A Ty myslisz ze w urzedzie myslisz ze kariere zrobisz..??
napisał/a: ~Anonymous 2010-12-17 21:33
ivi26 napisal(a): Dla niektorych widocznie nie wazna jest kariera tylko rodzina.. chca tak zyc i tyle..
A Ty myslisz ze w urzedzie myslisz ze kariere zrobisz..??


ad. 1 Jakby dla niej była ważna rodzina to jej mąż nie musiałby tak ciężko harować za granicą.
Dziecko to wymówka/usprawiedliwienie lenistwa.

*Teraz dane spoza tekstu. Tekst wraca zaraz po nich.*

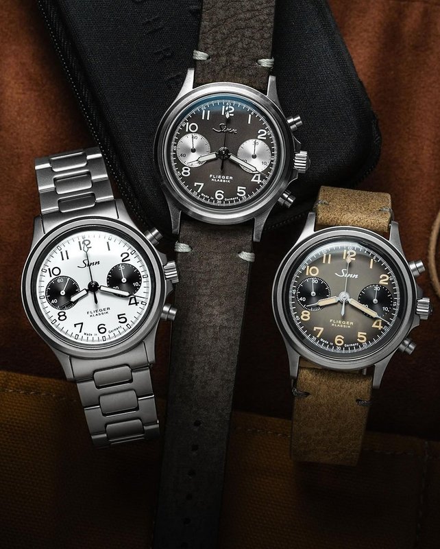 The new (left to right) Sinn 356 Classic W, Sinn 356 Classic Anniversary, and Sinn 356 Classic SA E dial back

ad. 2. Są urzędy w których karierę możesz zrobić i to dużą :) Ja akurat w takowym pracuję :)))))
napisał/a: ivi.kiwi 2010-12-17 21:38
mariolan napisal(a):
ivi26 napisal(a): Dla niektorych widocznie nie wazna jest kariera tylko rodzina.. chca tak zyc i tyle..
A Ty myslisz ze w urzedzie ze kariere zrobisz..??

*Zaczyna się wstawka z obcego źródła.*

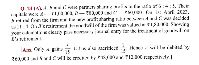 Solution of Question Number 24 Retirement or Death of a Partner DK Goel for 2024 Examinations
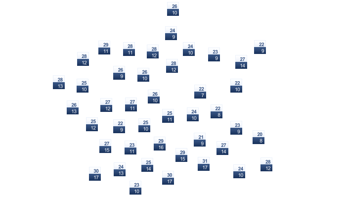 | 28 | 30 | 33 | 34 | 32 | 32 | 31 | 31 | 31 | 31 | 30 | 28 |

ad. 1 Jakby dla niej była ważna rodzina to jej mąż nie musiałby tak ciężko harować za granicą.
Dziecko to wymówka/usprawiedliwienie lenistwa.

ad. 2. Są urzędy w których karierę możesz zrobić i to dużą :) Ja akurat w takowym pracuję :)))))


Chyba za bardzo sie przejmujesz ta laska.. jej wybor.. nie ma nakazu ze ktos musi pracowac.. chcieli mieszkanie z rata 1700 to serio trzeba na to zarobic dlatego wyjechal.. chca tak zyc ich sprawa.. kazdy robi to co chce.. Ty chcesz pracowac, to pracuj sobie i rob kariere, ona widocznie woli posiedziec z dzieckiem w domu.. czy to wymowka.. byc moze tak.. ale co w tym dziwnego..
no widzisz trafilas na dobra prace i powinnas sie cieszyc a nie negowac wybor ludzi (kobiet) ktore sadze ze nie musza isc do pracy bo je na to stac.. wiec lepiej siedziec w domu niz zasuwac na kasie z mgr..
napisał/a: viki71 2010-12-17 21:39
Mariolka,ja nie pisałam pod Ciebie,że sie rozwiedziesz w razie zdrady.Poczytałam wszystkie posty po moim i wysmarowałam własne doświadczenie.Ja i tak piszę tylko w domniemaniu,bo ani sama nie zdradzam ani męża nie złapałam.Myślę,że gdyby któreś z nas się zdecydowało to byłaby porażka nas obydwojga,bo oznaczałoby to,że w którymś momencie nasze drogi sie rozeszły a my tego nie zobaczyliśmy.Zdrady widziałam w przypadku rodziców.Ojciec skakał z kwiatka na kwiatek.Wtedy byłam oburzona postawą ojca ale teraz z perspektywy czasu,na spokojnie śmiem twierdzić,że żle się dobrali.Ojciec tyrał a mama siedziała w domu.Jak wracał z trasy,to często nawet obiadu mu nie podała.Snuła się w podomce po chałupie.Jemu potrzebna był baba z jajami i partner do pracy.Z mamą w ogóle sie nie liczył.I to tak pewnie bywa,że żle dobrane pary się zdradzają.Pewnie są jeszcze jakieś inne możliwości ale ja ich nie znam.
napisał/a: viki71 2010-12-17 21:44
I żeby nie było,że atakuje niepracujące kobiety.Po prostu znam taki przykład.Ojciec nie żyje,mama nie miała wieku uprawniającego do renty po ojcu i w tej chwili jest po prostu bardzo kiepsko.Nikt się nie spodziewał,że tak się to skończy.Mama nie ma lat uprawniających do emerytury i tylko kłopot,bo nie daje sobie rady.